У дверей камеры Елизаветы прохаживался оберкомендант Чернышев. И тоже ждал.
Наконец дверь камеры открылась. И вышел молодой священник. Комендант взглянул на него и только перекрестился.
В комнате коменданта крепости по-прежнему сидел князь Голицын. Чернышев молча ввел священника.
Голицын вопросительно посмотрел: священник тихо наклонил голову.
– Отошла, – прошептал князь. – Ну и что… что сказала?
Священник глядел на князя кроткими печальными глазами.
– Что огорчала Бога греховной жизнью… жила в телесной нечистоте… и ощущает себя великой грешницей, живя противно заповедям Божьим… Господи, спаси ее душу!
– А соучастники… а преступные замыслы? – растерянно спросил князь.
Священник молча смотрел на него.
– Значит, это все, что я должен передать государыне?
– Это все, что я имею сказать вам, князь.
Священник все так же кротко смотрел на князя.
«Я хотел накричать на него: как он дерзнул не выполнить матушкину волю?! Я уж было рот раскрыл… Но мне почему-то стало страшно. От глаз его…»
– Благослови тебя Бог, Александр Михайлович, – тихо сказал священник. И вышел.
Голицын сидел один в комендантской. Куранты на крепости пробили семь.
«Я вспомнил, как впервые вошел к ней… было тоже семь часов пополудни…»
Он тяжело поднялся с кресел.
Голицын вошел в ее камеру.
Она лежала на кровати: руки скрещены на груди. Горела свеча.
Голицын долго смотрел на ее лицо, спокойное, прекрасное и совсем юное… На застывших губах – тихая улыбка… Да-да, улыбка…
За спиной послышались шаги коменданта.
Но Голицын, не оборачиваясь, завороженно глядел на эту таинственную улыбку.
Наконец хрипло приказал коменданту:
– В равелине похоронить. Сегодня же ночью. Хоронить должна та же команда, которая охраняла ее. И крепко предупреди их о присяге. Чтоб навсегда молчали, олухи…
Утром следующего дня в Петербурге шел снег. Все засыпано снегом у Алексеевского равелина. Князь Голицын стоял посреди ровного снежного поля. Рядом с ним – комендант Чернышев.
– С землею сровняли. Все как повелели. Здесь она. – Комендант указал на ровное белое поле.
Голицын молча глядел на белое пространство перед собой. Потом вздохнул, перекрестился и пошел прочь по двору крепости.
К новому, 1776 году двор вернулся в Санкт-Петербург.
В девять часов утра в кабинете императрицы в Зимнем дворце были с докладом Вяземский и Голицын.
– И ничего не сказала на исповеди? – Екатерина внимательно поглядела на князя Голицына.
– Точно так, Ваше величество!

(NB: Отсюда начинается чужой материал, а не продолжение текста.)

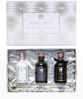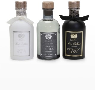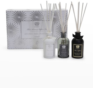 This Home Diffuser Set featuring three reed diffusers: fresh and sparkling Prosecco Black, green and earthy Tarmac, and classic evergreen, White Spruce. Give the gift of three indulgent, sophisticated scents in the festive velvet box.

Умерла нераскаявшейся грешницей.
– Бесстыдная была женщина… Но мы зла не помним. Пусть будет ей царствие небесное. Кстати, этот Петр Андреев – священник очень строгих правил. И нечего ему в нашем суетном Санкт-Петербурге делать. Пусть Синод распорядится, отошлет его в обитель подалее. Там и люди чище, и жизнь светлее.
Вяземский поклонился и записал.
– Что остальные заключенные? – спросила Екатерина.
– По-прежнему содержатся в строгости под караулом, – ответил Голицын.
– А нужно ли сие? – благодетельно улыбаясь, вдруг спросила императрица. – Всклепавшая на себя чужое имя мертва. Стоит ли держать в заточении людей, введенных ею в заблуждение?
И она благостно взглянула на Вяземского.
– Ну, во-первых, нельзя доказать участие Черномского и Доманского в ее преступных замыслах, – тотчас начал все понявший Вяземский.
– Вот именно, – милостиво сказала Екатерина. – Действовали по легкомыслию. Да к тому же пагубная страсть молодого человека многое извиняет. Ах, эта любовь, господа!
Оба князя с готовностью закивали.
«Столько предосторожностей, секретностей – и вдруг выпустить всех этих людей, знающих столько, в Европу?! Но почему? Что случилось?» – в изумлении думал Голицын.